Personal information
- Full name: Alfred John Momar N'Diaye
- Date of birth: 6 March 1990 (age 36)
- Place of birth: Paris, France
- Height: 1.86 m (6 ft 1 in)
- Position: Defensive midfielder

Youth career
- 1999–2004: US Vandœuvre
- 2004–2008: Nancy

Senior career*
- Years: Team / Apps / (Gls)
- 2008–2011: Nancy / 61 / (0)
- 2010–2011: Nancy B / 4 / (0)
- 2011–2013: Bursaspor / 51 / (4)
- 2013–2014: Sunderland / 16 / (0)
- 2013–2014: → Eskişehirspor (loan) / 16 / (3)
- 2014: → Betis (loan) / 16 / (0)
- 2014–2016: Betis / 62 / (3)
- 2016–2019: Villarreal / 9 / (0)
- 2017: → Hull City (loan) / 15 / (1)
- 2017–2018: → Wolverhampton Wanderers (loan) / 33 / (3)
- 2018–2019: → Málaga (loan) / 34 / (5)
- 2019–2022: Al-Shabab / 65 / (1)
- 2022–2023: Málaga / 22 / (0)
- 2024: FC Noah / 7 / (0)

International career
- 2006–2007: France U17 / 8 / (0)
- 2008–2009: France U19 / 14 / (1)
- 2010: France U20 / 2 / (0)
- 2010: France U21 / 7 / (0)
- 2013–2019: Senegal / 28 / (1)

Medal record
Africa Cup of Nations
| Runner-up | 2019 |  |

= Alfred N'Diaye =

Footballer (born 1990)

Alfred John Momar N'Diaye (born 6 March 1990) is a former professional footballer who played as a defensive midfielder, who can also play as a centre back. Born in France, he played for the Senegal national team.

==Club career==
===Early career===
Born in Paris, France, N'Diaye began his career with US Vandœuvre in Vandœuvre-lès-Nancy. At the age of 14, he moved across the arrondissement to join the biggest club in the region, AS Nancy. Upon arrival, Alfred endured early struggles, but quickly gained noticed following his second season at the academy. In 2006, he signed his first professional contract.

===Nancy===
N'Diaye made his debut in the squad during the 2007–08 season in the Coupe de la Ligue, at the age of 17, coming on as a halftime substitute for Frédéric Biancalani in a 3–0 loss to Lens. That was his only appearance that season as he would be relegated back to the reserves helping a young Nancy reserve squad barely avoid relegation.

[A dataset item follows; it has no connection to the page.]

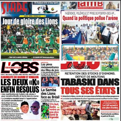 Accueil A la Une La une des journaux du 21 Juin: rétention des stocks d’oignons, déficit... A la Une La une des journaux du 21 Juin: rétention des stocks d’oignons, déficit de moutons, Tabaski dans tous les états Par ledakaroistv - juin 21, 2023 FacebookTwitterPinterestWhatsApp ARTICLES CONNEXESPLUS DE L'AUTEUR A la Une Braquage de coffre-fort à la BICIS : Mme Awa Diop dénonce le silence des autorités A la Une Protection des enfants contre les addictions: SABS mobilise la communauté éducative vers la sensibilisation A la Une Guinée-Bissau : des organisations panafricaines et la diaspora bissau-guinéenne mobilisées à Dakar pour dénoncer une confiscation du pouvoir Braquage de coffre-fort à la BICIS : Mme Awa Diop dénonce... A la Une décembre 13, 2025 Protection des enfants contre les addictions: SABS mobilise la communauté éducative... A la Une décembre 13, 2025 Guinée-Bissau : des organisations panafricaines et la diaspora bissau-guinéenne mobilisées à... A la Une décembre 13, 2025 CAN 2025 : Assane Diao et Habib Diarra sur la liste... A la Une décembre 13, 2025 Après la baisse du carburant: Aftu annonce une réduction du prix... A la Une décembre 13, 2025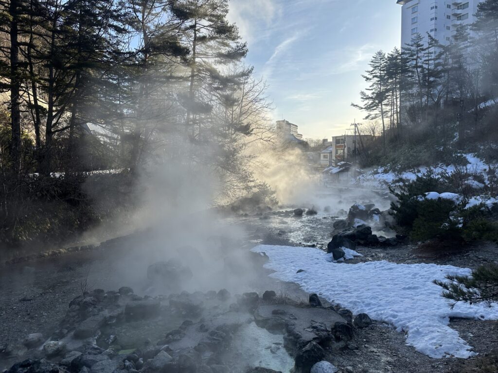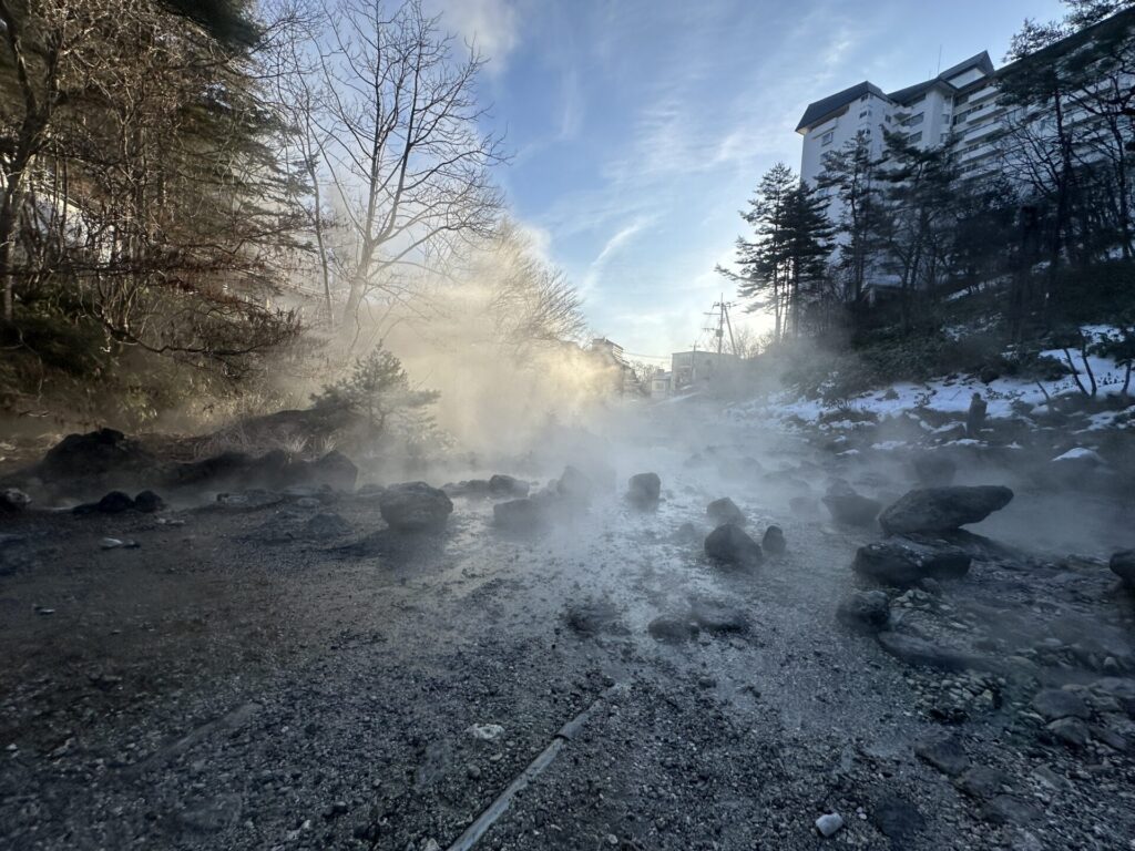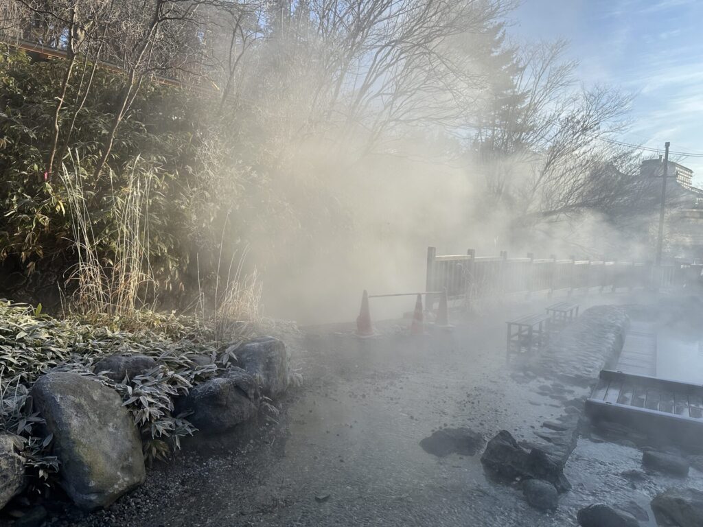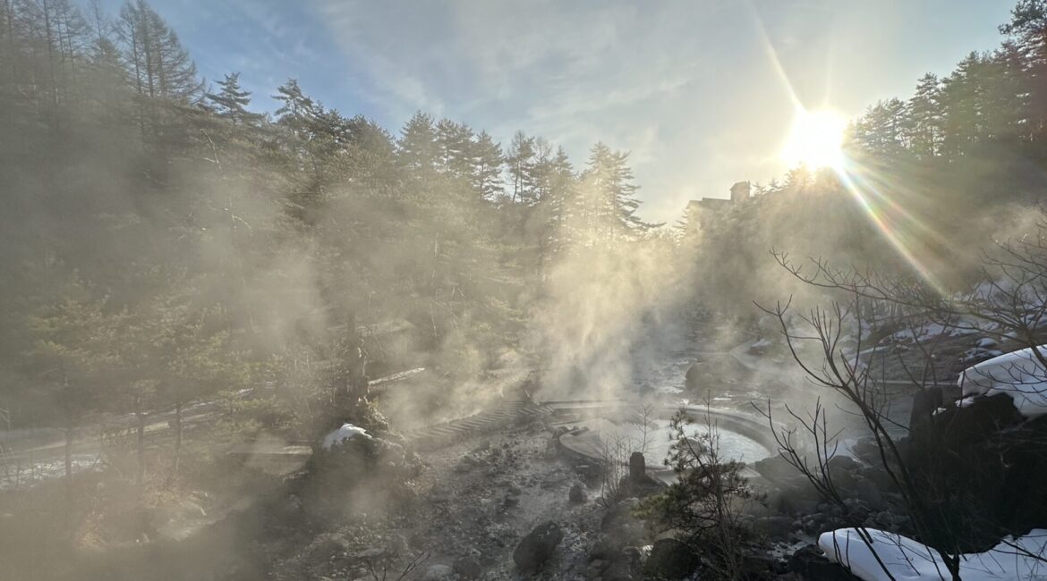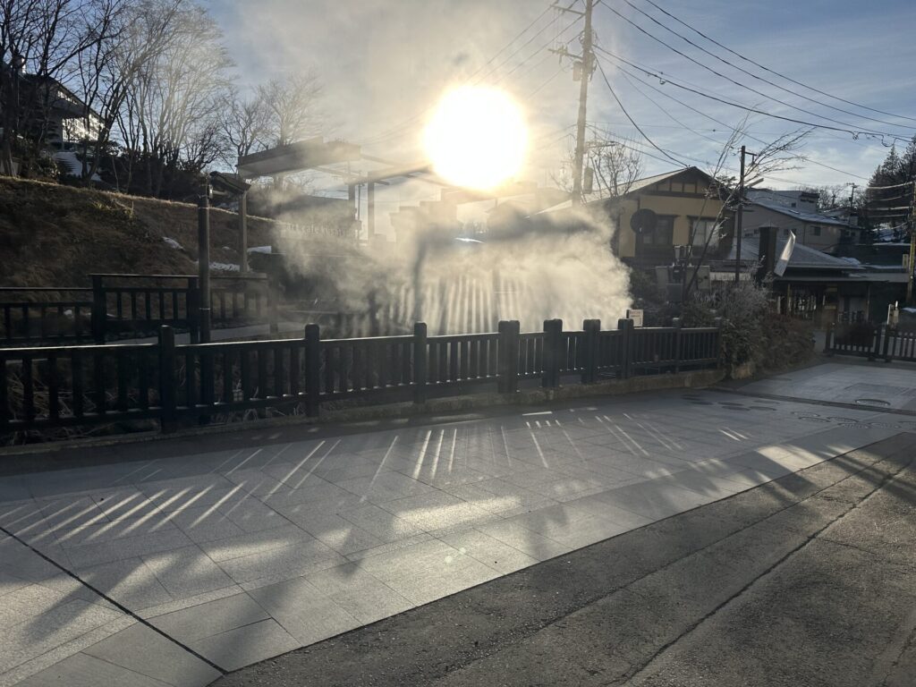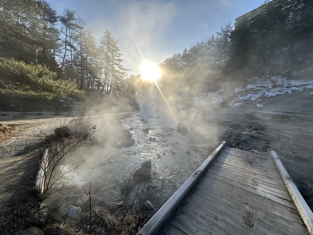 その冷え込みがあるからこそ、湯けむりは力強く立ちのぼります。

Following the season, N'Diaye earned promotion to the senior squad for the 2008–09 season. He was assigned the number 29 shirt and made his league debut in the opening match of the season against Lille appearing as a substitute in a 0–0 draw. Two months later, he earned his first league start in a 1–1 draw against Paris Saint-Germain. His positive play earned him regular starts in the squad, including playing the full 90 minutes in the club's 3–0 upset victory over Olympique de Marseille at the Stade Vélodrome and playing, on two occasions, 120 minutes of football in cup play against Grenoble in the Coupe de la Ligue and SO Romorantin in the Coupe de France. In total, he made 27 appearances and collected 7 yellow cards.

===Bursaspor===
On 1 July 2011, Nancy confirmed on its website that the club had reached an agreement with Turkish club Bursaspor for the transfer of N'Diaye. The deal was finalised on 3 July for a reported fee of €2 million.

===Sunderland===
On 9 January 2013, it was announced that Sunderland had completed the signing of N'Diaye for an undisclosed fee. He was given the number 4 shirt. On 12 January 2013, N'Diaye made his Sunderland debut at the Stadium of Light in a match which they won 3–0 against West Ham United. He came on as a substitute for Adam Johnson and almost scored with his first touch in English Football as his shot went just wide. His full debut for Sunderland came against Wigan away, in which he produced a "wonderful" assist for Steven Fletcher to score and put them in front.

====Eskişehirspor (loan)====
On 28 July 2013 it was announced N'Diaye would join Turkish club Eskişehirspor on a season-long loan. On 28 January 2014, Eskişehirspor announced that N'Diaye's loan had been terminated by the club.

===Betis===
On 30 January 2014, N'Diaye joined Spanish side Real Betis on loan for the remainder of the 2013–14 campaign. He appeared in 16 matches, as the Andalusians were relegated.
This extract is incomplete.